Gary Kern
The Mad Kokoschka: A Play in Three ActsISBN 0-89370-944-1 (paper)
87 pages, $7.00
In 1919 the Expressionist artist Oskar Kokoschka created a sensation
when he introduced his friends to his new model and companion, The
Silent Woman: a lifesize doll in the image of Alma Mahler, the beautiful widow of the great composer. Opera-goers were shocked to see them together in a private box at the theater. Even before this scandal, the newspapers in Germany were calling him "der tolle Kokoschka" the mad Kokoschka.
Relying on Kokoschka's letters to the dollmaker, his memoirs, the memoirs of Alma Mahler and other artefacts of the great sunset of Viennese culture, Gary Kern has attempted to recreate the inner life of the artist at a troubled time in his life, driven by love, rage and his personal vision. Inevitably Kern had to rely on his own imagination, for, as he writes in the Afterword, "What but imagination can recover the private conversations between man and doll? The main thing is not a physical peep-show, which we have all seen, but a psychological one, which is much rarer."

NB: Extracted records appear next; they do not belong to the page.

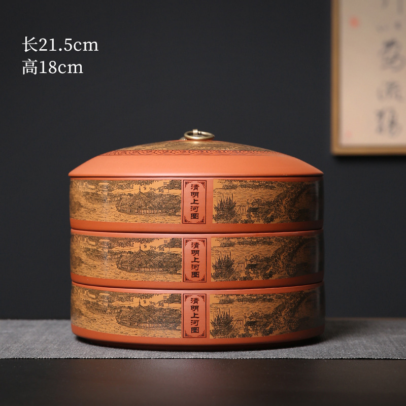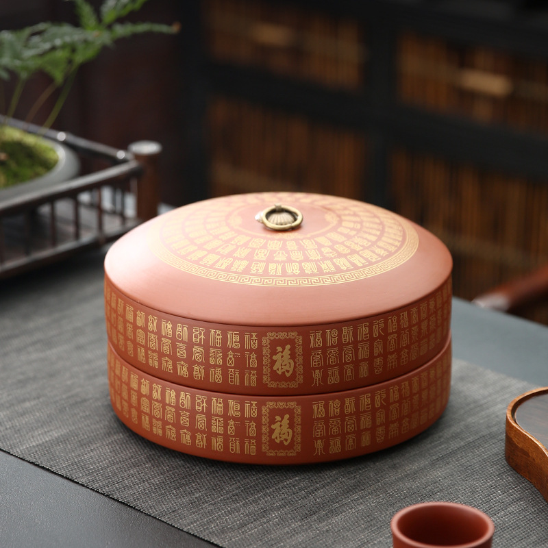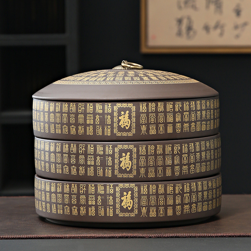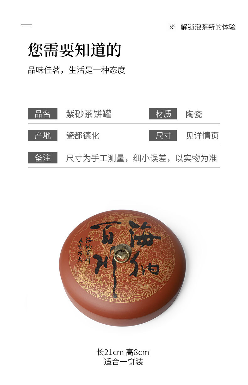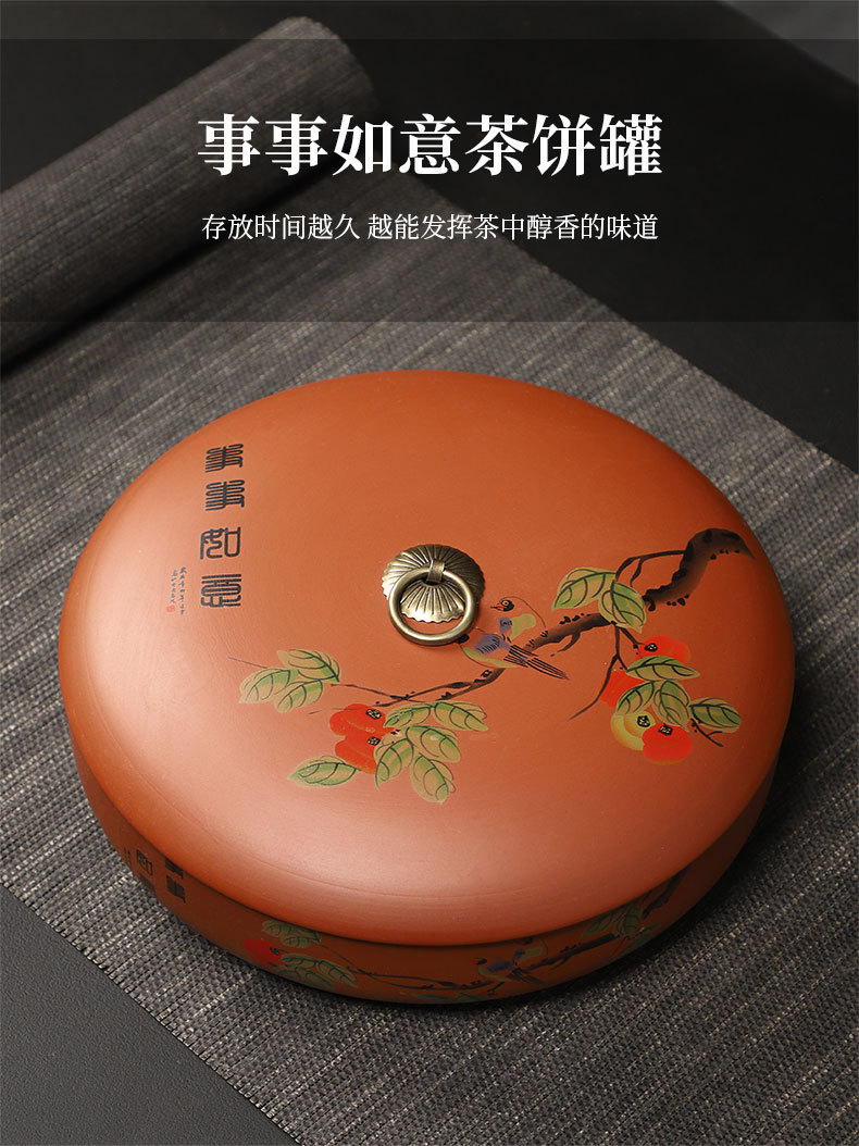 紫砂茶叶罐陶瓷家用大号茶饼罐 357克普洱茶饼包装盒储茶罐醒茶罐
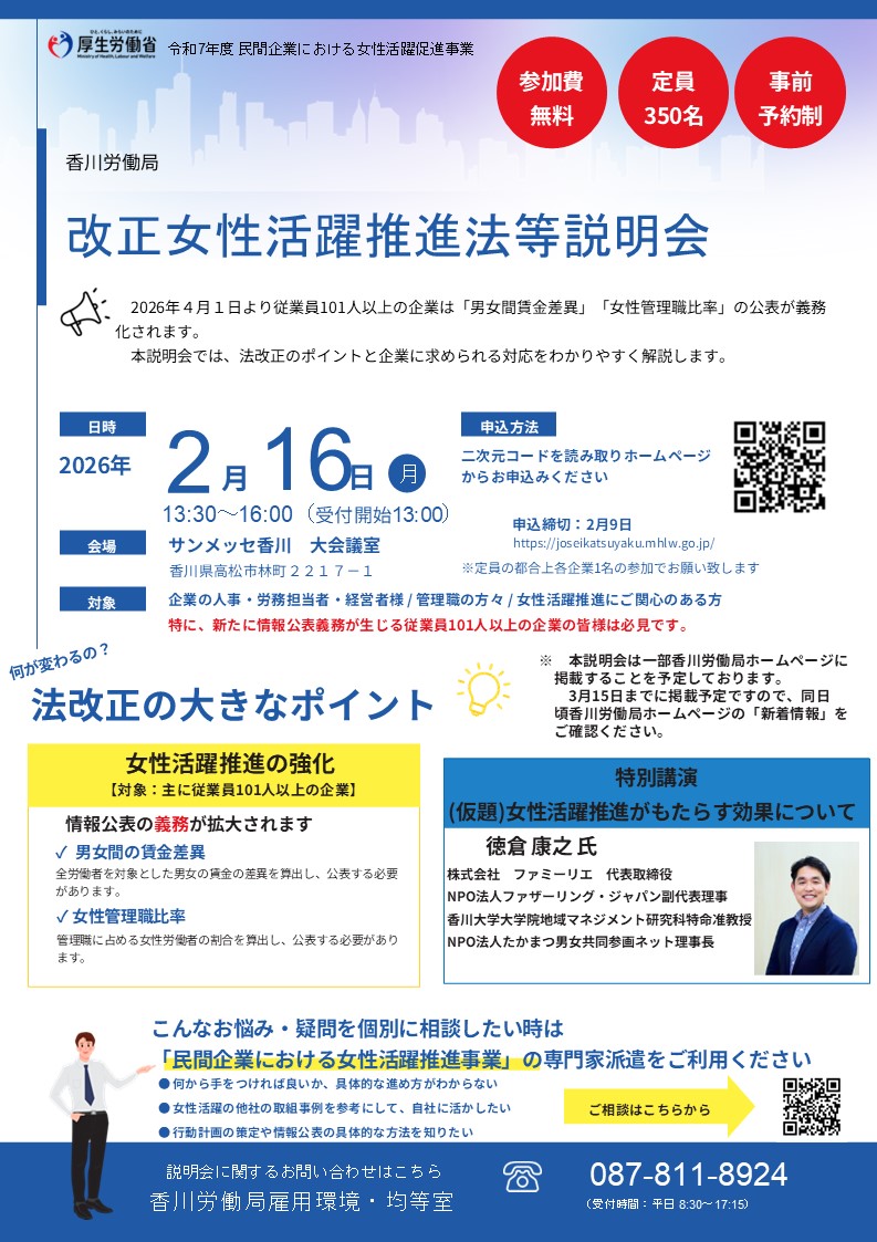 - 令和8年2月16日(月)改正女性活躍推進法等説明会を開催します!
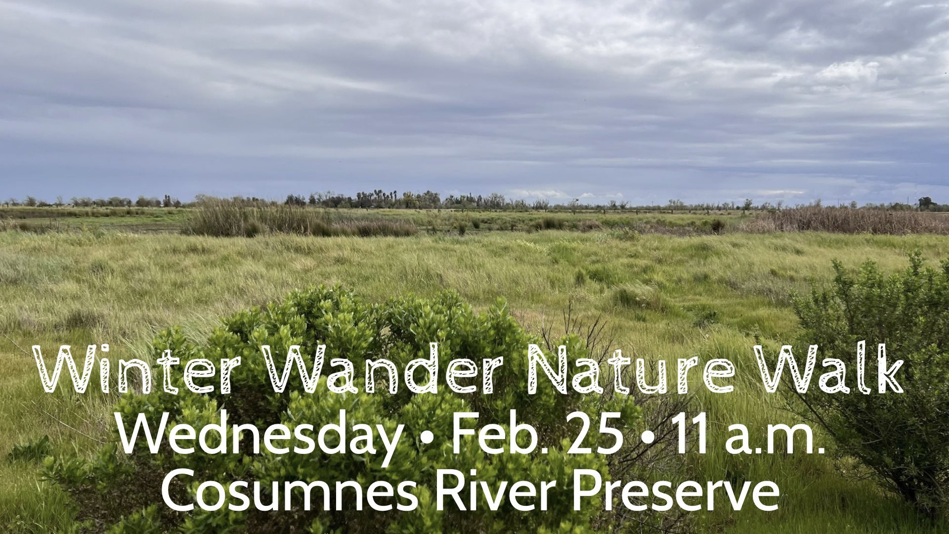 ALSO HAPPENING THIS WEDNESDAY, FEB. 25—Come to the annual Winter Wander Nature Walk at the Cosumnes River Preserve, complete with tailgate party! The walk is wheelchair- and walker-friendly. Or ... instead of walking you can simply sit and enjoy the beautiful scenery and snacks! Show up at the Cosumnes River Preserve at 11 a.m. Make sure you follow the driving directions shown on our website as there are traffic detours and road closures in the area. Questions? Call or text Cathy Sapunor at (916) 832-3373. More info is here.
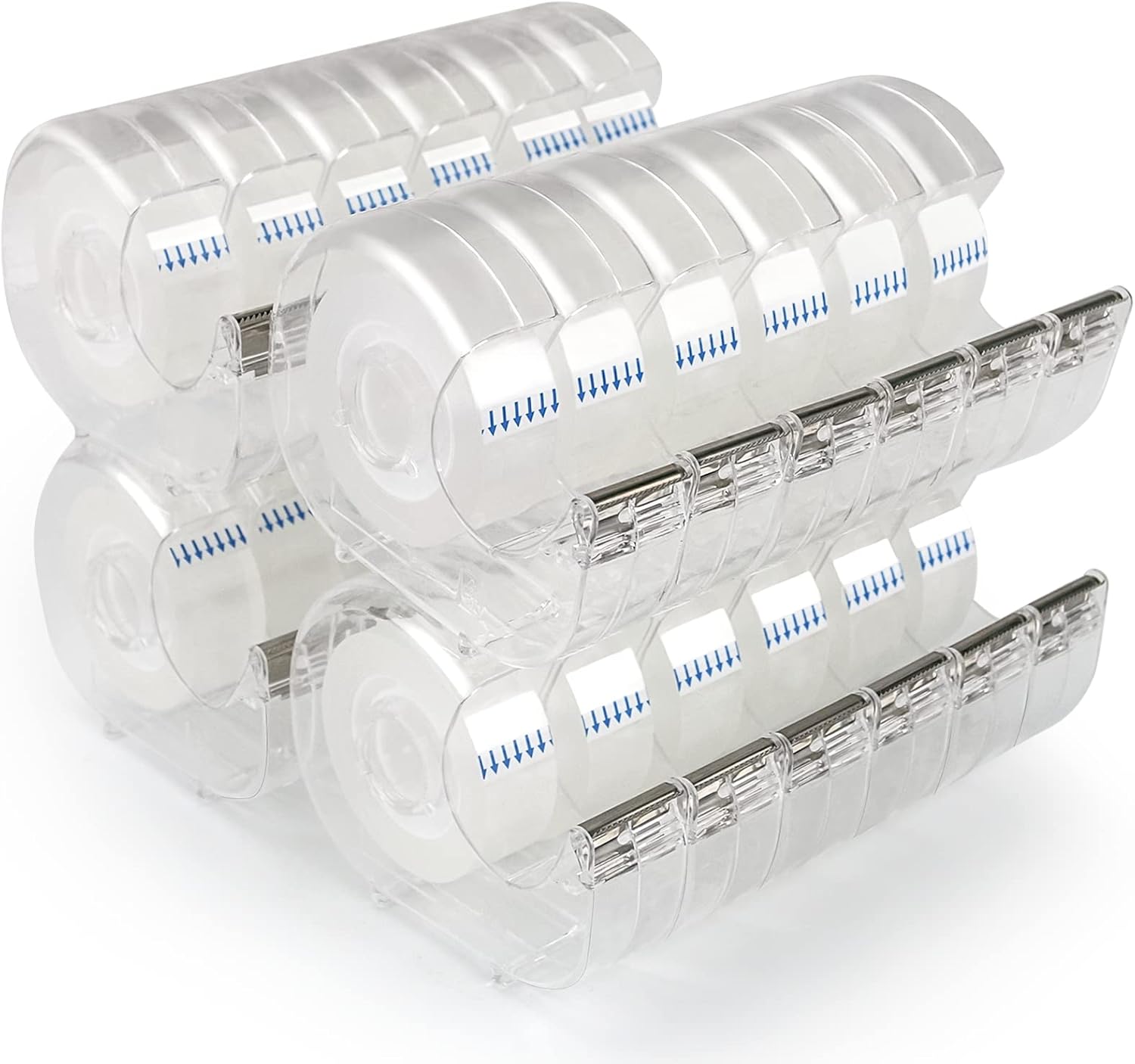 - Valuable Packing: You can get 24 pcs transparent dispensers, 3.94 in X 0.98 in X 2.95 in. And 24 complimentary clear wrapping tapes, 0.7 in x 28 yd. This transparent tape package is enough for you to use for a long time
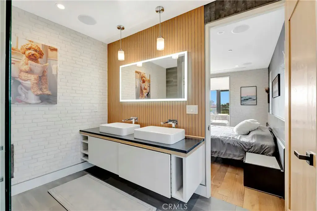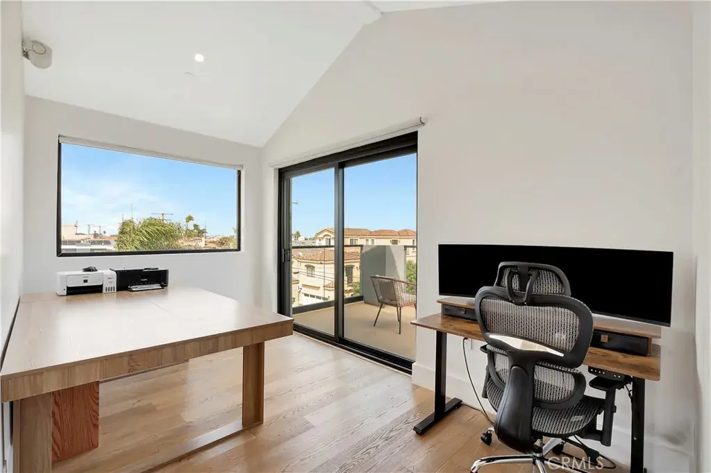 An exceptional tri-level home on a sunny, oversized corner lot, offering a prime location just minutes from the beach and Downtown Huntington Beach. Completed in 2021, this sophisticated residence spans over 3,300 square feet of thoughtfully designed living space and features a private elevator connecting all three levels. Bathed in natural light from expansive windows, the open-concept main level exudes warmth and elegance, enhanced by recessed lighting, high ceilings, a sleek cozy fireplace with integrated surround sound and oversized bi-fold patio doors open to an exceptional outdoor sanctuary, creating an ideal setting for indoor/outdoor year-round entertaining. The dining area, featuring a built-in wine display, seamlessly flows into the chef’s kitchen, appointed with premium Wolf stainless steel appliances, a spacious walk-in pantry, and a center preparation island with bar seating. The second level offers a versatile media or bonus room (easily converted to 4th bedroom), alongside two large bedrooms, including a primary suite designed for ultimate retreat living. The 3rd level features a second primary suite with a dedicated seating area with a built-in desk, a spa-inspired bath with dual vanities, soaking tub, walk-in shower, and a custom-designed walk-in closet. Each additional bedroom offers generous proportions and refined finishes. As well as a office perfect for a lounge, home office, or 5th bedroom, with an attached half bath, with direct access to expansive rooftop decks that elevate the indoor-outdoor experience. The 2 car garage is fully finished with epoxy flooring and built-in storage. Additional appointments include solar panels, 1st & 3rd floor ductless HVAC, 2nd floor individual climate control per room, automated blinds, tinted windows, a Savant smart home system, and Ring security cameras. This residence masterfully combines modern coastal sophistication, convenience, and refined luxury living in one unparalleled package all just a short walk to the beach, downtown Huntington Beach, the pier, Pacific City and more!
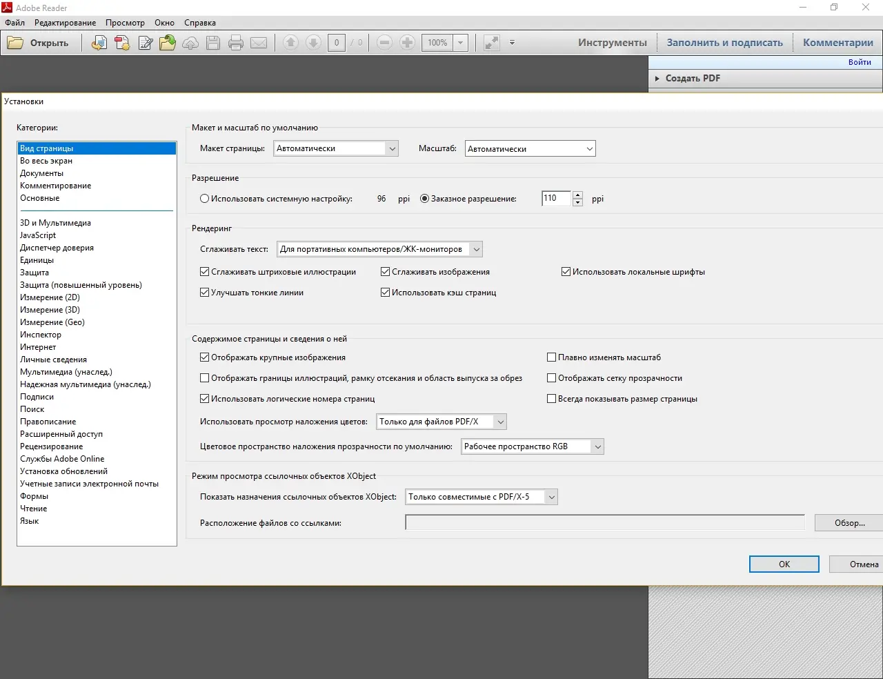 Работа с Adobe Reader
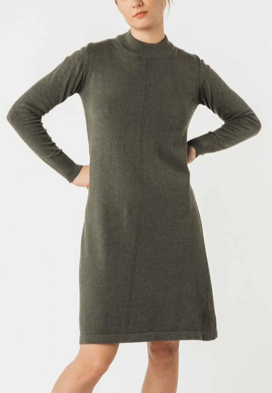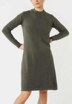 Modisches Feinstrick Langarmkleid aus reiner Fairtrade Bio-Baumwolle. Vertikale Ziernähte an der Vorder- und Rückseite verleihen dem Kleid einen modernen und dennoch zeitlosen Look. Der gerippte Stehkragen und breite, anliegende Rippbündchen an den Ärmelabschlüssen machen es zum idealen Basic für die kühle Jahreszeit. Der angenehm weiche Feinstrick ist vorgewaschen, somit bleibt die Passform erhalten.

The play was performed with great success at the University of California, Riverside. The reviewer noted: "These private (not to mention voyeuristic) scenes between Kokoschka and the doll are among the most interesting in the production... It is fascinating to watch the constant changing of the lifeless doll with the living doll depending upon Kokoschka's state of mind."
Originally published by Borgo Press (now out of business). Illustrated with black and white reproductions from the work of Oskar Kokoschka and two stills from the UCR production.
Above artwork from the cover: self-portrait by the artist
"Bride of the Wind" (AKA "The Tempest") by Oskar Kokoschka
(A portrayal of the artist and Alma Mahler)
GARY KERN is the author of Misfortune and Letters From Dwight, both published by Xenos Books. He also wrote the novel The Last Snow Leopard (Ghost Dance, 1996), which is available for purchase from Xenos Books. His most recent work is the critically acclaimed study, The Kravchenko Case (Enigma Books, 2007), and The Kravchenko Case: One Man's War on Stalin (Enigma Books, 2007).